Step 3) constructing a semantic segmentation network: and constructing the whole structure of the semantic segmentation network by the category prototype generation module and the edge optimization module constructed in the step 1) and the step 2) and the backbone network. The backbone network is divided into two parts, namely encoding and decoding; for the encoder, the original image is extracted to

Characteristic diagram size of the primitive size, C ₁ A feature map of the dimension; the decoder part decodes the feature map generated by the encoder into the input original size, C ₂ A feature map of the dimension. And taking the up-sampled characteristic of each time of the decoder as the input of an edge optimization module to obtain edge prediction graphs under different resolutions, and supervising by using the edge ternary loss.

Step 4), semantic segmentation network training reasoning process: c of final output of decoder ₂ And calculating the dimension vector and the category prototype generated by the category prototype generating module to obtain a final segmentation result. During training, the class prototype generation module randomly selects M class prototype mean values and final output characteristics of the decoder to perform pixel-by-pixel cosine similarity measurement, and a class with highest cosine similarity is a prediction class of the pixel.
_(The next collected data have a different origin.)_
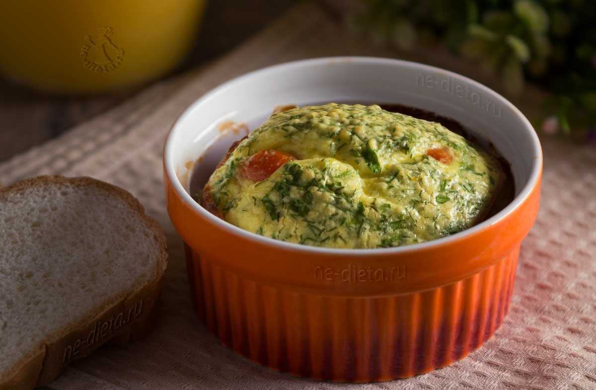 Пышный омлет с ветчиной и помидорами в духовке.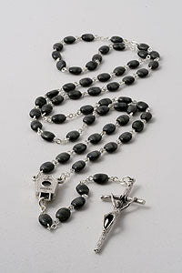 Length: 22". Rosary Features 7mm Oval Flat Multi-color Marble Brown Beads with Silver Plated Links, Center and 2" Oxidized Crucifix. The center contains Holy Water From Lourdes. Imported.Comes in Plastic Box. The Color and Shape of the Box May Vary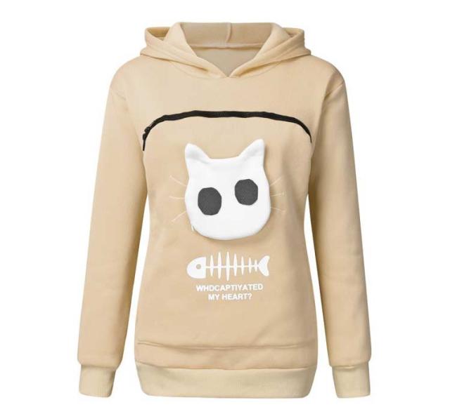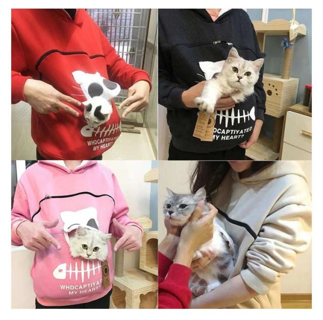 | 猫や犬(小型犬)、小さい動物を入れるためのパーカーです☆ 猫顔の窓口からニャンコの可愛い顔が出すとすぐ癒されます。 入れたまま移動出来るので抱っこ紐やスリング代わりとしても。 猫ちゃんを入れたまま立ち上がることはもちろん出来ますし、ポケットが猫ちゃんの体を支えてくれるので、両手が自由! ペットホルダーポーチは、柔らかく、洗濯機で洗える。 裏起毛で秋から春までにも大活躍です。 | |

When reasoning, the edge optimization module does not participate in calculation, the decoder features are compared with all class prototypes in similarity pixel by pixel, and each class selects M score calculation means with the highest similarity score as the prediction score of the pixel belonging to the class. Prediction of each pixel over all classesThe highest-score class is used as the final prediction class, and the prediction results of all the pixel points form a segmentation result graph.
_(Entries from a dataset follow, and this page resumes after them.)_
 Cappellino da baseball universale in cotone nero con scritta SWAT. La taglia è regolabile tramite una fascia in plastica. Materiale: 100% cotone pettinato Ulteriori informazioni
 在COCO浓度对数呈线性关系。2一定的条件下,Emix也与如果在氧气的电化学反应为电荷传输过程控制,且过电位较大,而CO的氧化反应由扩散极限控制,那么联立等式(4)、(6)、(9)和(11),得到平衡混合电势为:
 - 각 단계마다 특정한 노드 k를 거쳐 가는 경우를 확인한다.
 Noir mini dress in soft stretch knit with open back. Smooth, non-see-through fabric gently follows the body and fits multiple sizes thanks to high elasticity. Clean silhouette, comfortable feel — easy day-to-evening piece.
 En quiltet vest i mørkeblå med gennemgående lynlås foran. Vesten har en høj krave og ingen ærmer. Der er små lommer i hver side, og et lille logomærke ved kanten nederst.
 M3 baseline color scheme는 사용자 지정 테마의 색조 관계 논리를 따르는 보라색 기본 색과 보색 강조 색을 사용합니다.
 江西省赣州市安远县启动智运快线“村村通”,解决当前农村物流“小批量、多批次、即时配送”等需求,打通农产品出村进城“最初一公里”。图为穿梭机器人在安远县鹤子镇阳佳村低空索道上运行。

The invention has the beneficial effects that:

the invention discloses a lightweight semantic segmentation method for high-precision visual perception of a complex scene, which is used for constructing a semantic segmentation network based on a category prototype generation module and an edge optimization module. The former enhances the distinguishing capability of the network to the object of the interested category, and reduces the phenomenon of partial region erroneous segmentation; the latter strengthens the capability of the backbone network to detect the edges of objects, and constructs a semantic and edge joint feature space. The time complexity of the class prototype prediction mask is the same as that of the traditional one-hot vector generation, the edge optimization module does not participate in calculation during prediction, and the class prototype prediction mask and the edge optimization module are suitable for being directly added into a lightweight semantic segmentation frame, so that the class prototype prediction mask is suitable for being deployed on an unmanned application platform, the speed and the precision of a segmentation task are well balanced, and a new solution is provided for a high-precision stereoscopic vision perception scene of a complex scene.
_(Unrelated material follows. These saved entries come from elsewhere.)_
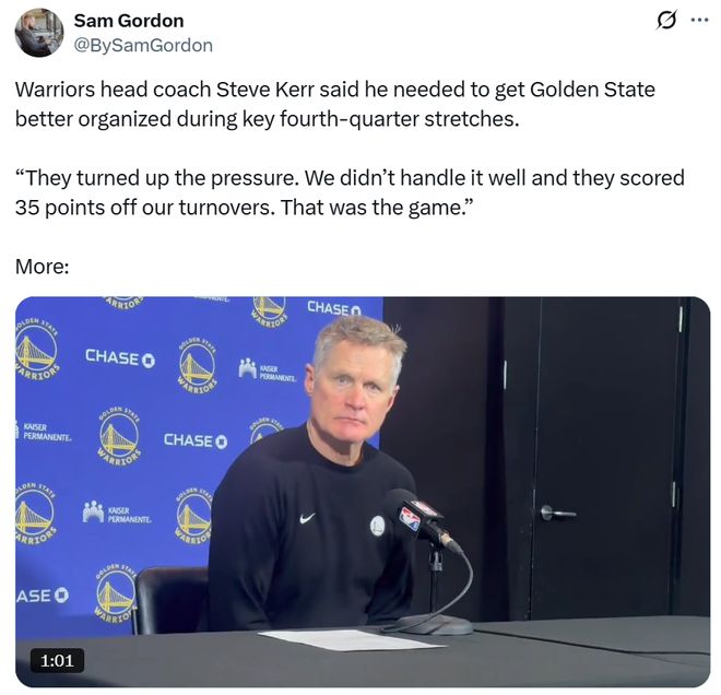 勇士3連勝終結(jié)!庫里空砍39分指出兩大短板 科爾執(zhí)迷不悟還在嘴硬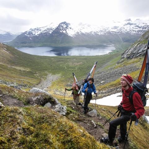After returning from this adventure, Wegge went on another remote surfing expedition to Bear Island (a small island in the middle of mainland Norway and Spitsbergen, Svalbard). However, things changed after he became a father, and seeking adventure closer to home became the name of the game. The result? Playground Lofoten, a four-part TV series that featured incredible experiences such as skiing with the northern lights dancing overhead, and paragliding and highlining with his brothers and sister above Lofoten.
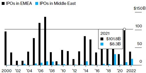 尽管由于市场持续下跌和高通胀,包括欧洲在内的全球大多数交易所市场的IPO融资额已从去年创纪录的水平开始大幅下滑,但中东地区的情况则完全不同。到2021年和今年年初,油价飙升,加上市场投资资金流入该地区,随着政府为摆脱石油转型的公司出售股份帮助提供资金,2021年该地区的IPO融资额开始反弹。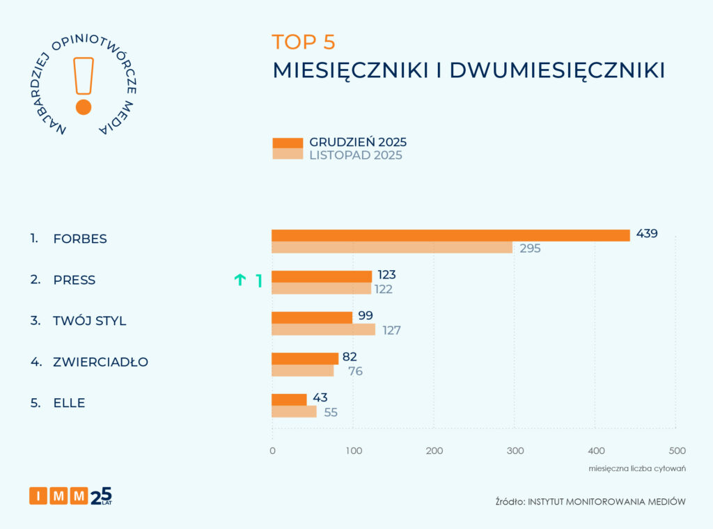Zestawienie IMM najczęściej cytowanych miesięczników i dwumiesięczników grudnia otwiera „Forbes”, który wygenerował 439 cytowań. Drugie miejsce należy do magazynu „Press” z wynikiem 123 cytowań i awansem o 1 pozycję. Na trzeciej pozycji znalazł się „Twój Styl”99 powołaniami na źródło.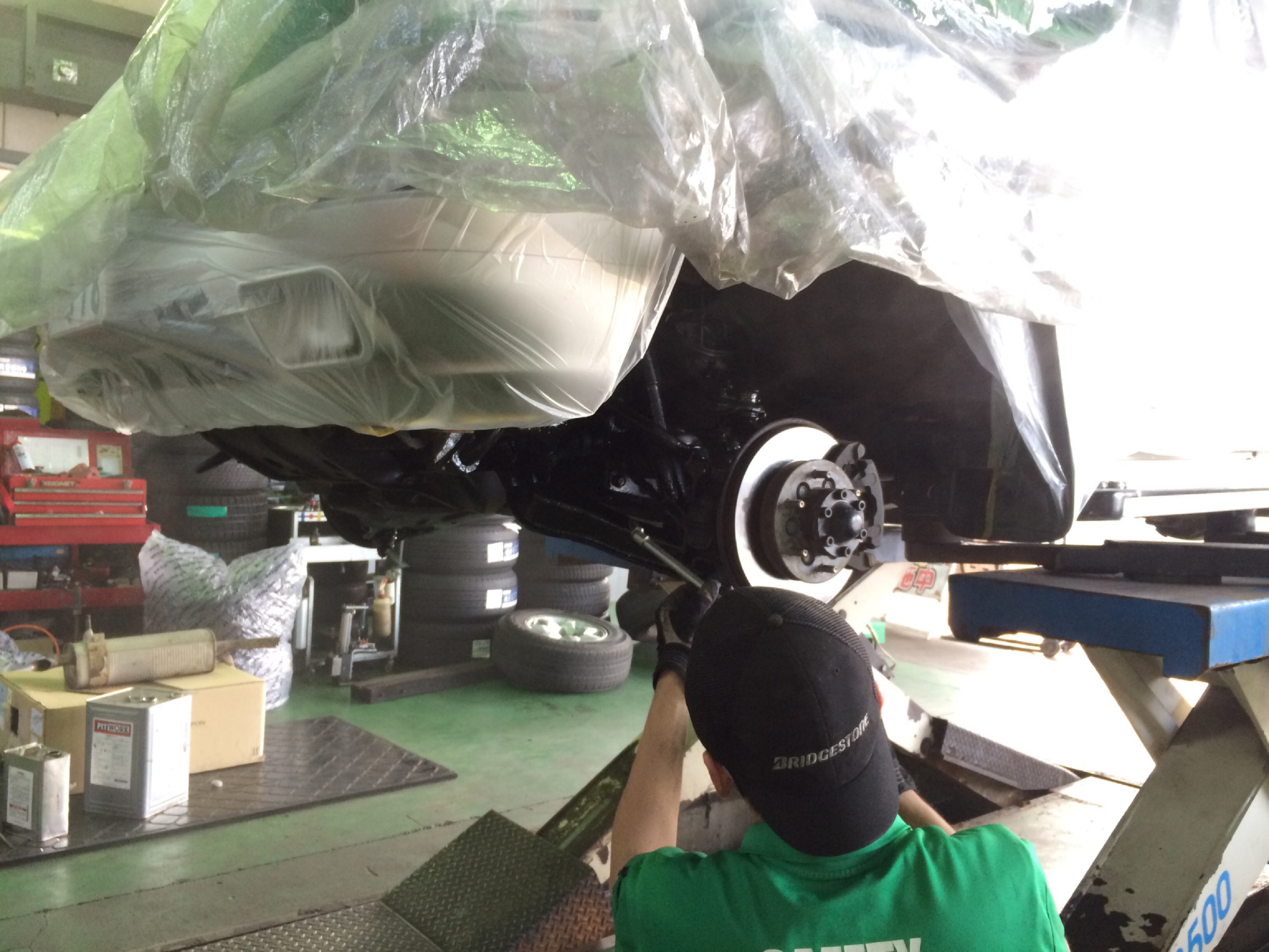 本日は車検でお預かりしたお車の下塗りを保科スタッフが実施中です。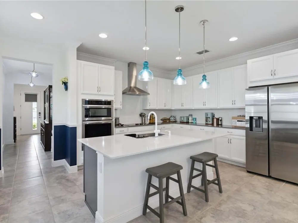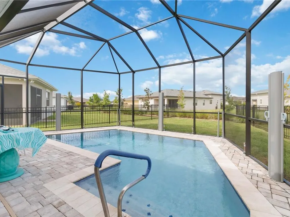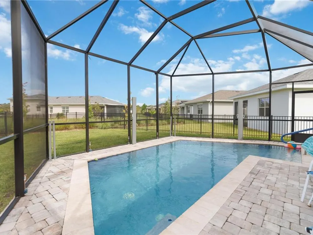 Unlimited Free Golf—Harmony Golf Preserve—Resort Style Living. If you would like the opportunity to play golf on this 18 hole, par 72, Johnny Miller Signature Design Course, every day of the year, read on. Check out this gorgeous 3 bedroom, 2 bath, 2 year old pool home, in the highly desirable, 55+ community, Lakes at Harmony. This beautiful home has all the bells and whistles, starting with the kitchen, a true chef’s delight, including upgraded stainless steel appliances, double built-in wall ovens, a beautiful quartz center island, and custom overhead lighting throughout. Centrally located, the kitchen overlooks the dining and family room areas, so you will never miss out on the fun when family and friends visit. Moving on, we have the perfect split bedroom plan with the owner’s suite conveniently located off the family room, and featuring a substantial walk-in closet, dual sinks, a private water closet, and beautiful tile, glassed-in shower. Ensuring the privacy of the owners and their guests, the secondary bedrooms are located towards the front of the home along with a spacious laundry room and shared bath, with a tiled tub and shower combo. Completing this stunning home is a 2 car garage just off the front entry and a covered screened lanai and custom built salt water pool, with retractable privacy screens surround. Ready to venture out, there is never a lack of things to do in Harmony from exploring one of 3 community pools, to taking one of several boats out on the lake for a lazy afternoon of fishing, and everything in between. Do as much or as little as you like. It is your choice. Harmony is an easy drive to Orlando International Airport, and to the pristine waters of the Atlantic coast. Harmony-balance, peace and fulfillment. Embrace it all. Make your appointment today.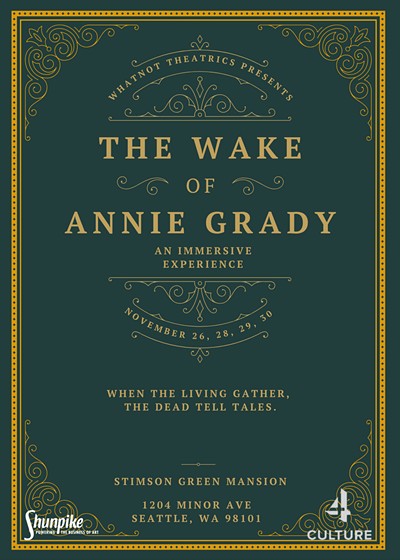 Whatnot Theatrics is fiscally sponsored by Shunpike. Wake of Annie Grady is made possible with support from 4Culture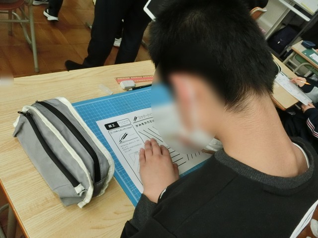 東中の先生から、カッターナイフなど道具の使い方を教わり、中学生の皆さんと一緒に集中して作業を進めることができました。

According to the network structure provided by the invention, the ultra-lightweight semantic segmentation network is used as a base line, the CLIP text encoder is used as a class prototype generator, and a plurality of class characterizations are generated as class centers to guide network learning, so that the segmentation performance of the network among similar classes is improved. Meanwhile, as the segmentation effect of the network is poor at the edge, in order to improve the segmentation accuracy at the edge of the object, an edge optimization module is added at the network decoder side, and a ternary loss function for edge extraction is provided. The network of the invention effectively improves generalization performance and improves segmentation effect at class edges.

Drawings

Fig. 1 is a network configuration diagram of the present invention.

FIG. 2 shows the results of the present invention on a common dataset, with the first column being the original image, the second column being the true label, the third column being the base network effect, and the fourth column being the partitioning effect of the present invention.

Detailed Description

The following describes the embodiments of the present invention further with reference to the drawings and technical schemes.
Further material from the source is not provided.